Первые воспоминания о детстве, или, скажем, первые «картинки» из жизни в Нижнем Новгороде, а затем уже и описание жизни в Белом сохранились в записках отца. За них он взялся в 1928 году после смерти брата Николая, которого очень любил. Писал папа в большой «амбарной» книге, писал легко, сразу начисто, почти без поправок, своим красивым, четким почерком. В этих страницах больше всего — о дружбе с братом, немного о матери, о ее мягкости и доброте. Эти черты моей бабушки отмечал также В. В. Розанов. В дарственной на фотокарточке своей жены Варвары Дмитриевны с дочерьми то же теплое чувство благодарности и подпись: «От искренне любящего В. Розанова (1898 г.)».
Привожу полностью текст папиных записок.
«Детство.
Я родился в Нижнем Новгороде в 1876 году, 2 марта по ст. стилю.

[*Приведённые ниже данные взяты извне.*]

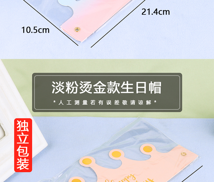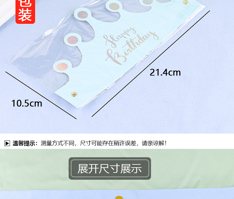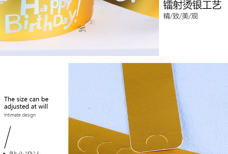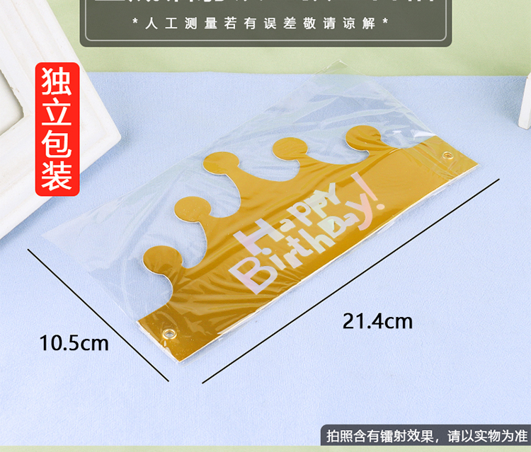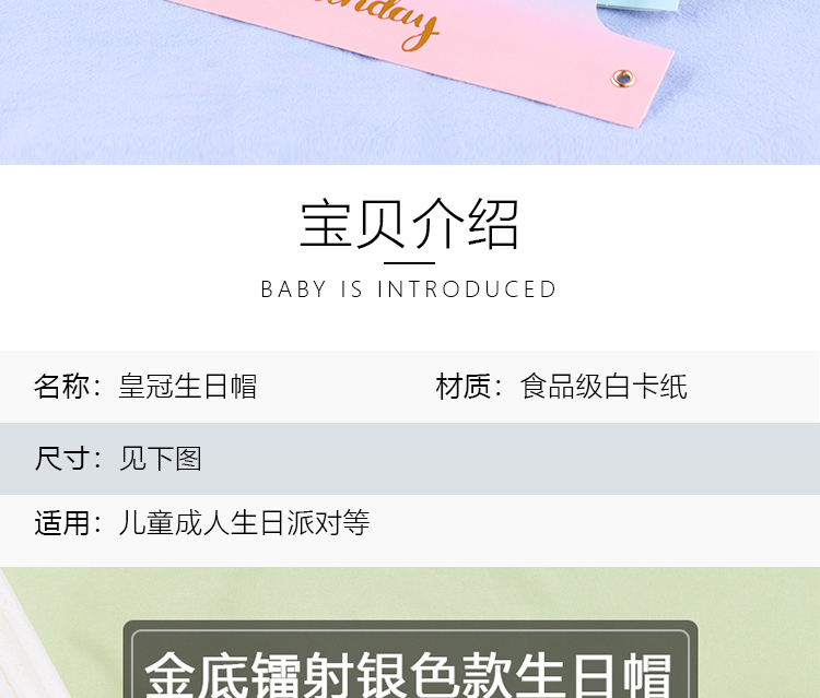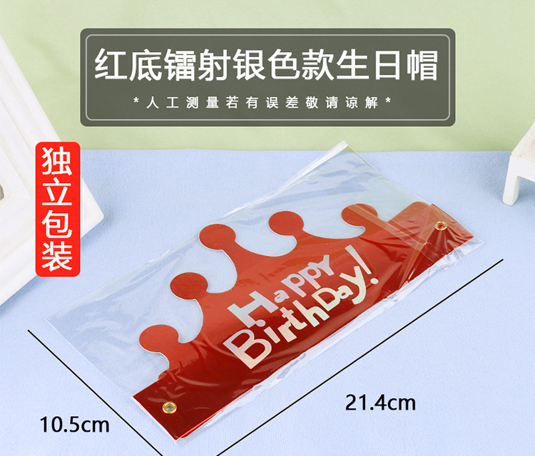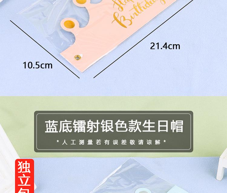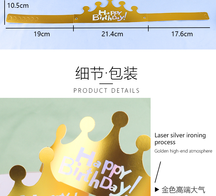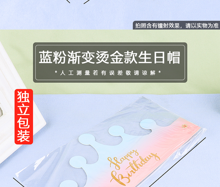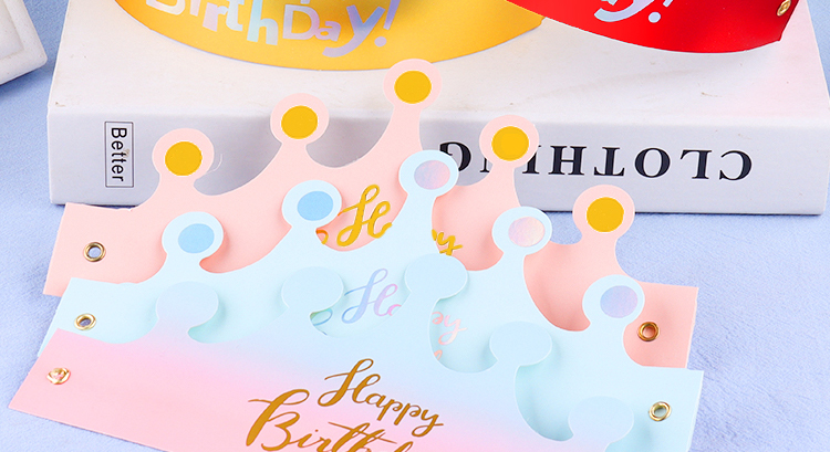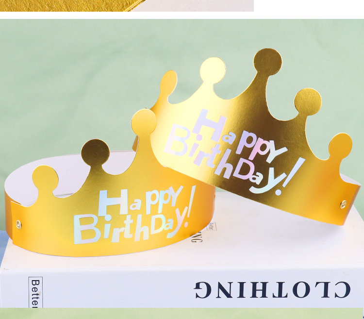 | Color | Sombrero de cumpleaños de plata láser de fondo dorado, sombrero de cumpleaños de plata láser de fondo rojo, sombrero de cumpleaños de estampado azul en polvo, sombrero de cumpleaños de estampado en polvo pálido, sombrero de cumpleaños de plata láser de fondo azul. |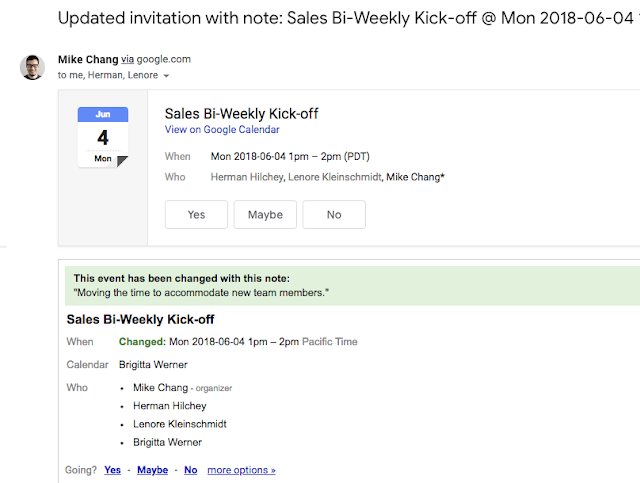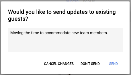 Existem muitos motivos pelos quais você queira fazer alterações em uma reunião; a Google trabalha para que, comunicar estas alterações, seja mais simples. À partir de agora, quando você modificar ou excluir uma reunião existente, será exibido uma caixa de diálogo onde você pode escrever uma mensagem para os demais convidados.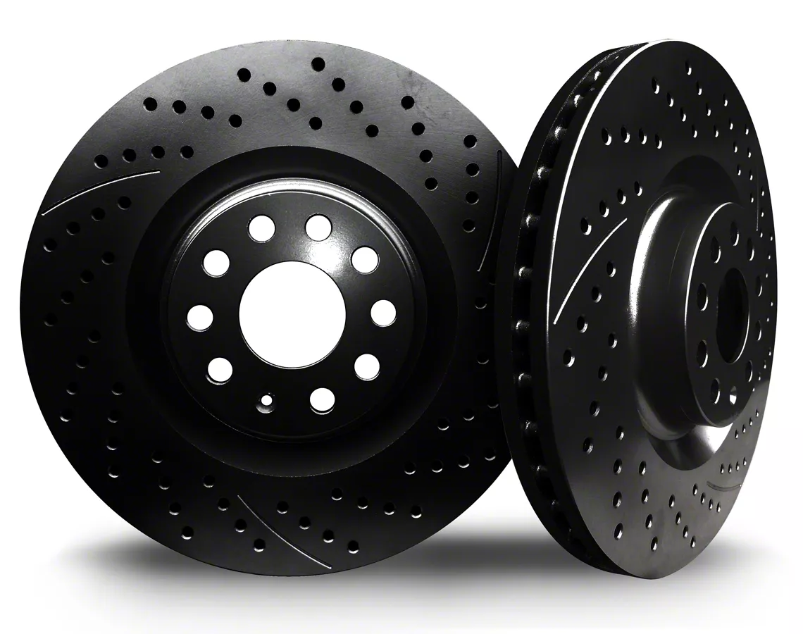 Construction and Appearance. This kit features G3000 cast iron rotors that are both cross-drilled and slotted for efficient heat dissipation and debris removal. The components are topped with a Black nano-coated finish that not only enhances resistance to corrosion but also gives a clean, premium appearance behind your wheels. The pads utilize high-grade Kevlar ceramic materials, engineered for reduced dust and smoother braking engagement.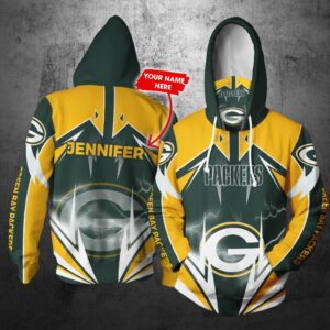 Personalized Nfl Gaiter Hoodie Green Bay Packers Gaiter Hoodie Lightning Custom Name 3D All Over Printed Hoodie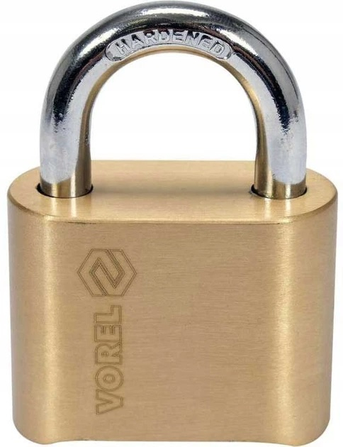 Замок навісний з кодовим замком на 4 кільця. Латунний корпус шириною 50 мм сталеве ярмо 4 цифри шифру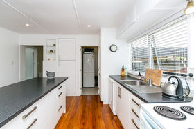 This immaculately presented, light and airy, three bedroom home is sited on a completely fenced and flat 850sqm section and has easy drive-on access. With a single garage plus double carport and two good sized garden sheds, this home has been renovated and boasts a modern kitchen and bathroom. The open plan kitchen and living area is an entertainer's delight and a centrally located wood burner will ensure your family is cosy during the winter months. A large decking area overlooks the back garden complete with large lawn area and raised vegetable beds. Situated in the popular suburb of Hurdon and within easy walking distance to Frankley School, Kahikatea Kindergarten, Francis Douglas College and the new Westown Complex means this property is ideally suited for families although the low maintenance construction may also appeal to a wide range of buyers. Call Victoria Lewis today to view this property.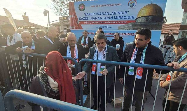 HAK-İŞ tarafından Miraç Kandili dolayısıyla Hacı Bayram Veli Camii'nde ikindi namazı sonrası süt ve lokma dağıtıldı. Programda HAK-İŞ Filistin ve Kudüs Komitesi Başkanı Hüseyin Tanrıverdi açıklamada bulundu. İsrail ile Filistin arasında gerçekleşen ateşkes mutabakatını önemli bir adım olarak gördüklerini ifade eden Tanrıverdi, "Bütün dünyanın gözleri önünde siyonist İsrail'in yarım asırdan uzun bir süredir acımasızca gerçekleştirdiği soykırım ve katliamlarına maruz kalan Filistin ve Gazze'nin yiğit evlatlarını verdikleri asil mücadele ve elde ettikleri başarı dolayısıyla kutluyoruz. 1948 yılında kan ve işgal üzerine kurulan İsrail, o günden bu yana işgalini sürekli genişletmiştir. 7 Ekim 2023 tarihinden bu yana şiddetini artırarak Filistin'de, özellikle Gazze'de yüzyılın en ağır trajedisi ve insanlık tarihinin en acımasız katliamlarından biri yaşanmıştır. Siyonist İsrail, Gazze'yi bir açık hava hapishanesine dönüştürmüş, ciddi insan hakları ihlalleri yaparak soykırım gerçekleştirmiştir" dedi.
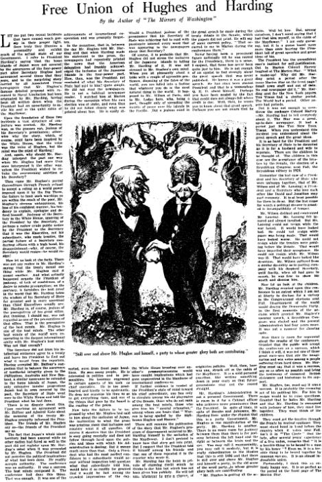 Mr. Harding's administration is not a personal government. There is room in it for a Cabinet officer who achieves more prominence than the president... They must get the treaties through the Senate by mutual applause. They must stand hand in hand before the country when it votes next fall.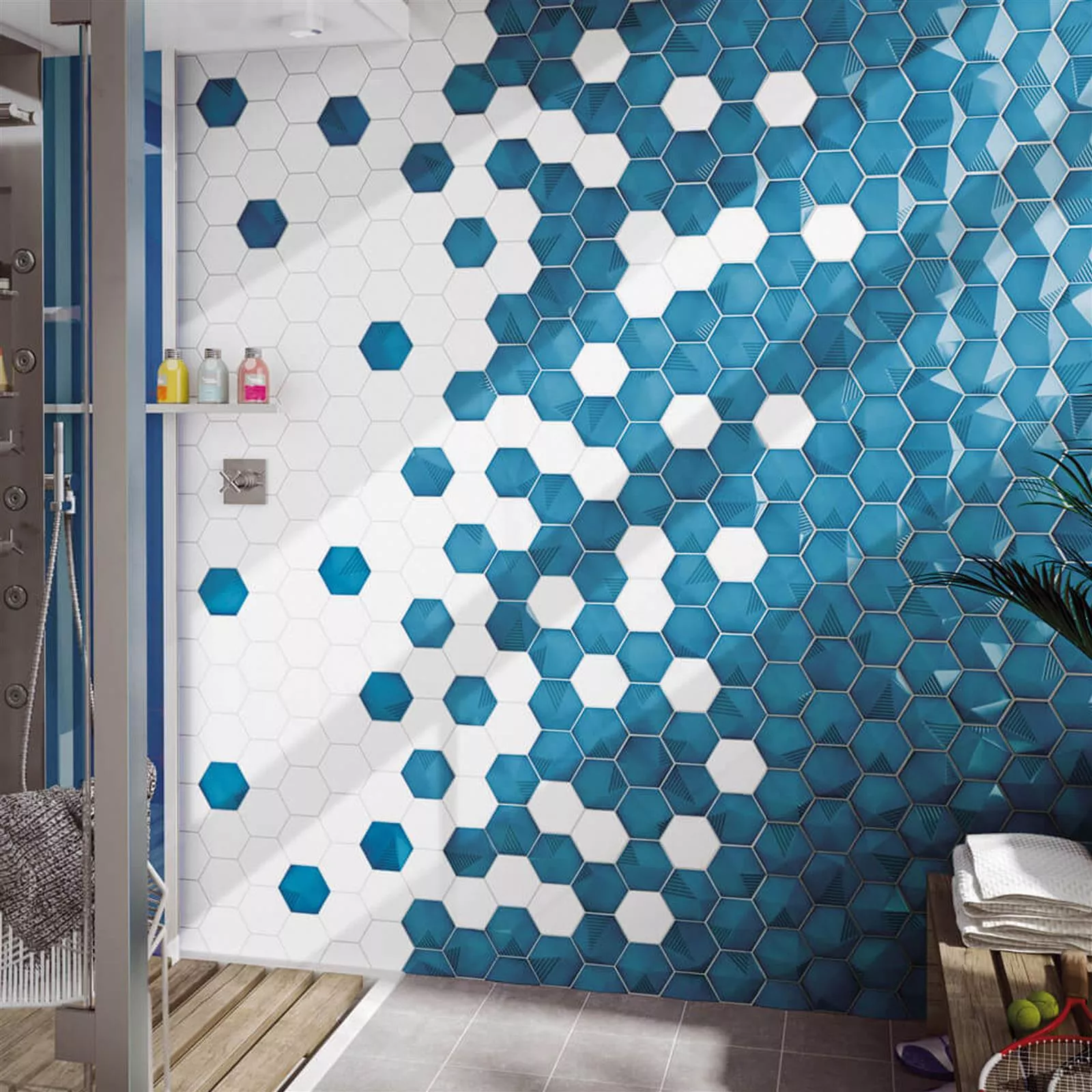 Prov Kakel Rockford 3D Hexagon 12,4x10,7cm Blå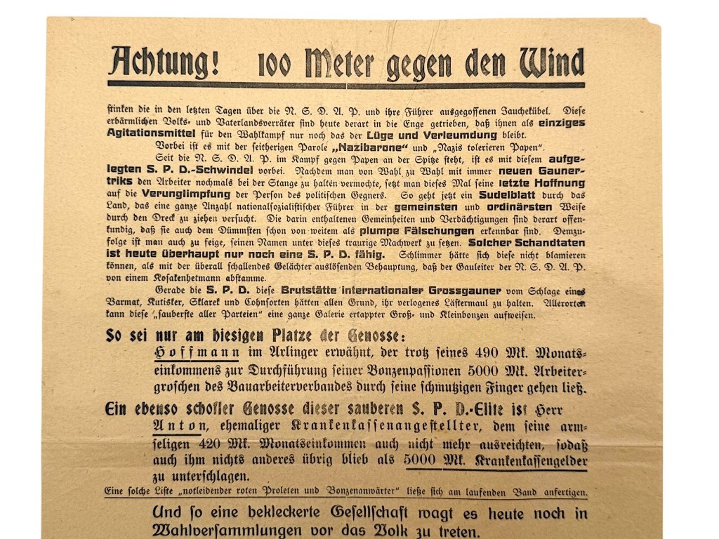 Dit drukwerk werd verspreid tijdens de periode waarin de NSDAP verboden was na de mislukte Bierkellerputsch en via de NSFB toch politiek actief bleef.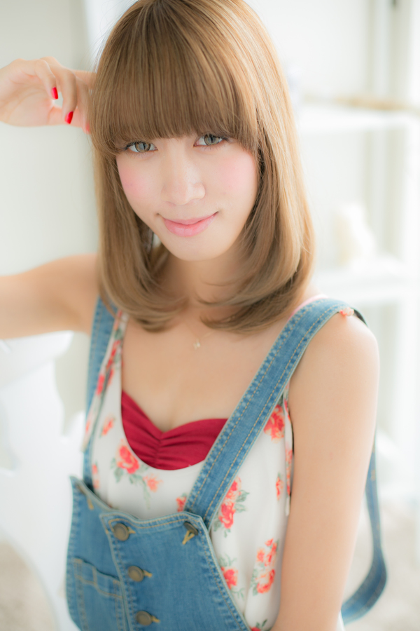 好感度抜群のツヤ重視のストレートミディ。目の上でラウンドカットした厚めバングで目力UP!毛先に極ゆるカールをきかせ,重さの中に軽い質感を。ラブでグラマラスなルミエールカラー,マーメイドアッシュ,ベージュカラーが◎斜めバングやセンターパートも☆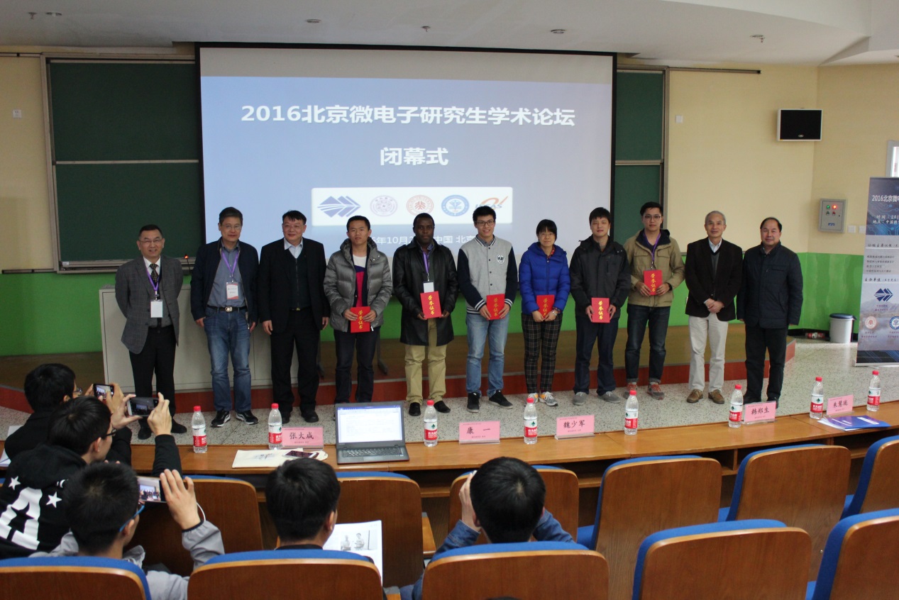 在論壇分會場,來自中科院微電子所、半導體所、電子所,清華大學微電子學研究所,北京大學微納電子學研究院,北京有色金屬研究總院的64位研究生,結合各自研究領域分別作了學術報告,并圍繞微電子領域的設計與應用、制造與工藝、封裝與測試三大模塊進行了交流研討。經各分會場技術委員綜合裁定,評選出8位優秀報告人并頒發榮譽證書。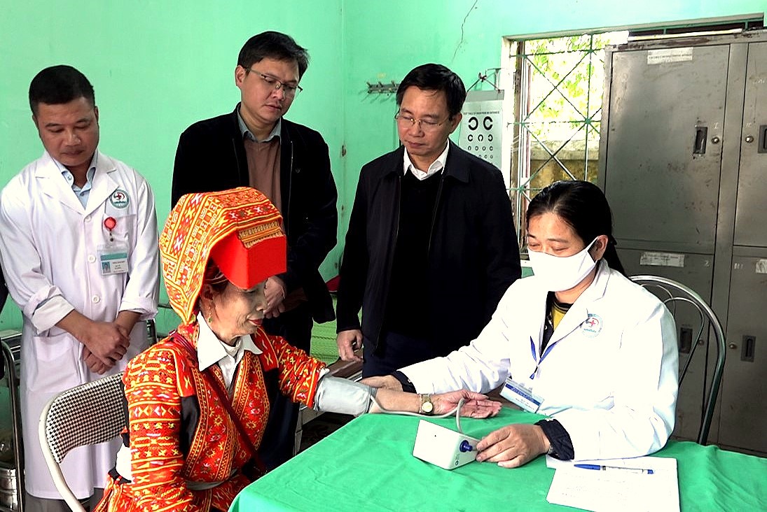 Đồng chí Đào Khắc Hùng, Phó Giám đốc Sở Y tế kiểm tra công tác khám chữa bệnh tại Trạm Y tế xã Tuấn Đạo. Bệnh nhân trong ảnh là bà Đặng Thị Huệ ở thôn Tuấn Sơn.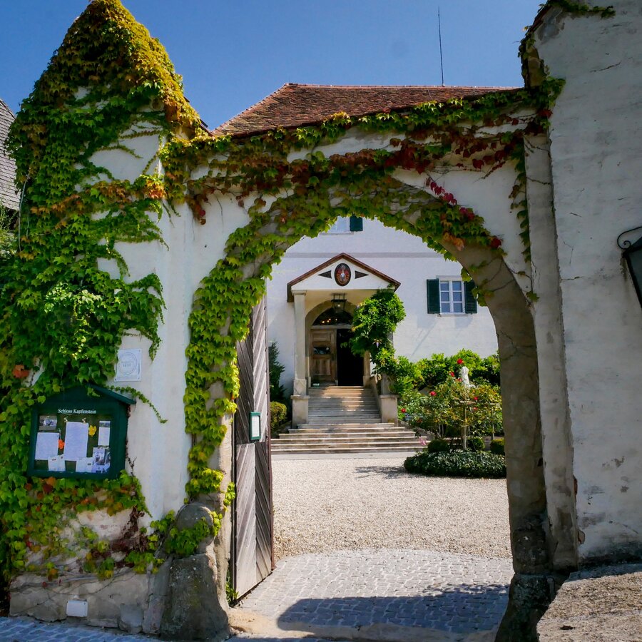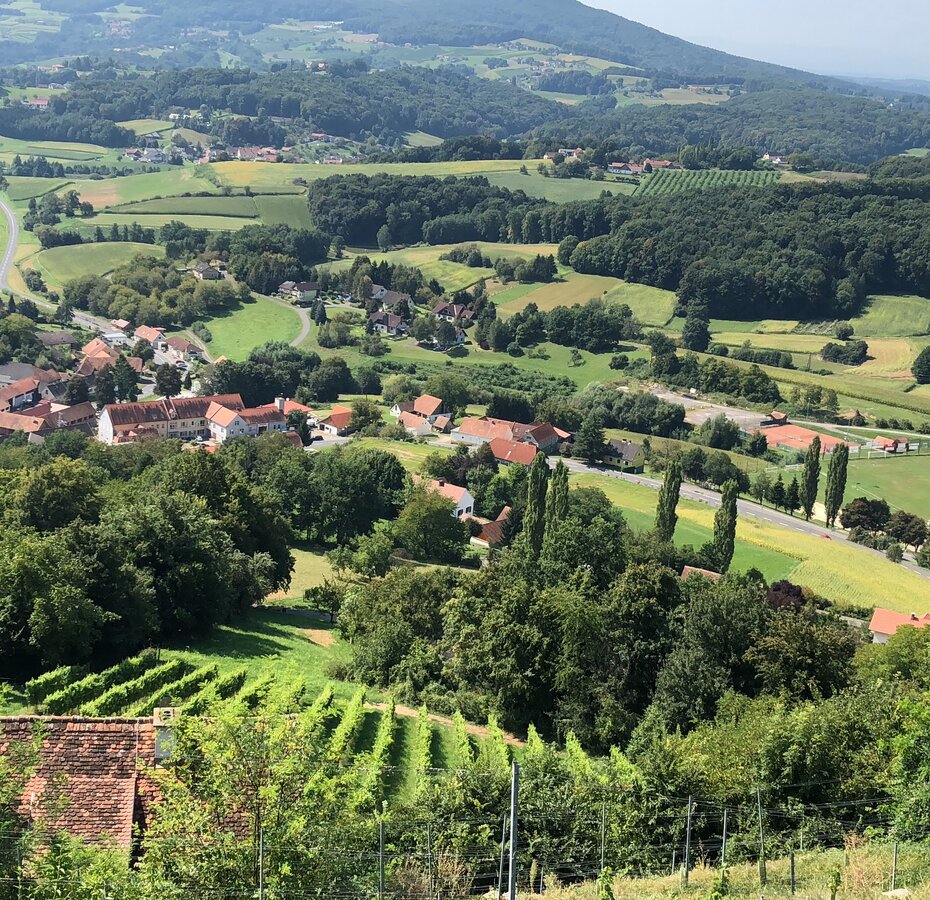Immer wieder bieten sich uns auf dieser Tour Ausblicke auf die Vulkankegel von Riegersburg und Kapfenstein, den Gleichenberger Kogel, den Stradner Kogel und den Grazer Hausberg Schöckl in der Ferne. Bei der Wegfindung helfen uns bis Kapfenstein der Ostösterreichische Grenzlandweg 07 und auch der "Handspurweg" des Vulkanlandweges. Das Schloss Kapfenstein thront neben der Riegersburg als zweite signifikante Burg seit dem 11. Jahrhundert über den Südosten der Steiermark. Das Herz der einstigen Festung stellt heute ein kleines familiäres Hotel mit einem Restaurant und wunderschönen Schlossterrassen dar, die einen traumhaften Blick über das Hügelland bieten. Es ist nicht nur ein Platz mit Geschichte, sondern wahrlich auch ein Ort, der Sehnsüchte wachsen lässt und zum Verweilen einlädt.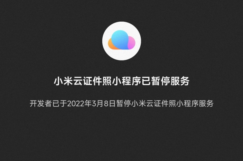 小米推出的小米云證件照小程序已暫停服務(wù),提示“開發(fā)者已于 2022 年 3 月 8 日暫停小米云證件照小程序服務(wù)”。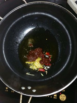 热油葱姜干辣椒爆香,放入酱料炒香

Мое первое воспоминание рисует такую картинку. В комнате полумрак. Горит лампада или ночник. Я лежу в кровати почти голенький. За ширмами спит няня. Мой старший брат Коля спит в соседней кровати, но его не видно, потому что кровать с барьером из доски. Но я знаю наверное, что Коля там спит и должен бы проснуться, но не просыпается. Мне скучно ждать, и, в надежде привлечь внимание и сочувствие няни, я говорю медленно, нараспев:
— Я уми-ла-ю…
Никто не отвечает. Я повторяю погромче. Опять молчание. Я повторяю еще и еще громче и, наконец, непрерывно громко полупою, полукричу:
— Я умила-а-а-ю! Я умилаю!
Раздается скрип кровати. Старуха няня надевает туфли, подходит к моей кроватке, молча поворачивает меня на живот и звонко шлепает несколько раз. Шлепки обжигают, я вскрикиваю от боли и лезу под подушку. Няня уходит за ширму. Несколько секунд тишины. Потом раздается ее легкий храп, и я тотчас же в ответ затягиваю, но робко и осторожно:
— Я умила-а-а-ю…
Другая картинка. Жаркий летний день. Мы идем по горе: мы — это няня, Коля, еще какая-то женщина и я. Невероятно жарко, хочется пить. Должно быть, я капризничаю, потому что Коля с убеждением говорит мне: „Вот посмотришь — тебя посадят в яму и дадут тебе лимон, кислый-прекислый“. „Ямы“ я побаиваюсь, потому что в Нижнем перед этими „ямами“ на лотках всегда много лимонов, и я знаю, что лимоны очень кислы, и твердо верю, что если детей сажают за капризы в „ямы“, им приходится есть одни лимоны. Раз Коля говорит, то он уж знает. Я иду молча и смотрю вдаль на Волгу, где бежит пароход и откуда так хорошо пахнет водой. Няня сажает меня к себе за спину, откуда вид на Волгу еще лучше, и мы идем дальше. Вдруг я заявляю:
— Няня, я устал и озяб.
Другая женщина хохочет: на такой-то жаре озяб и устал, когда тебя несут!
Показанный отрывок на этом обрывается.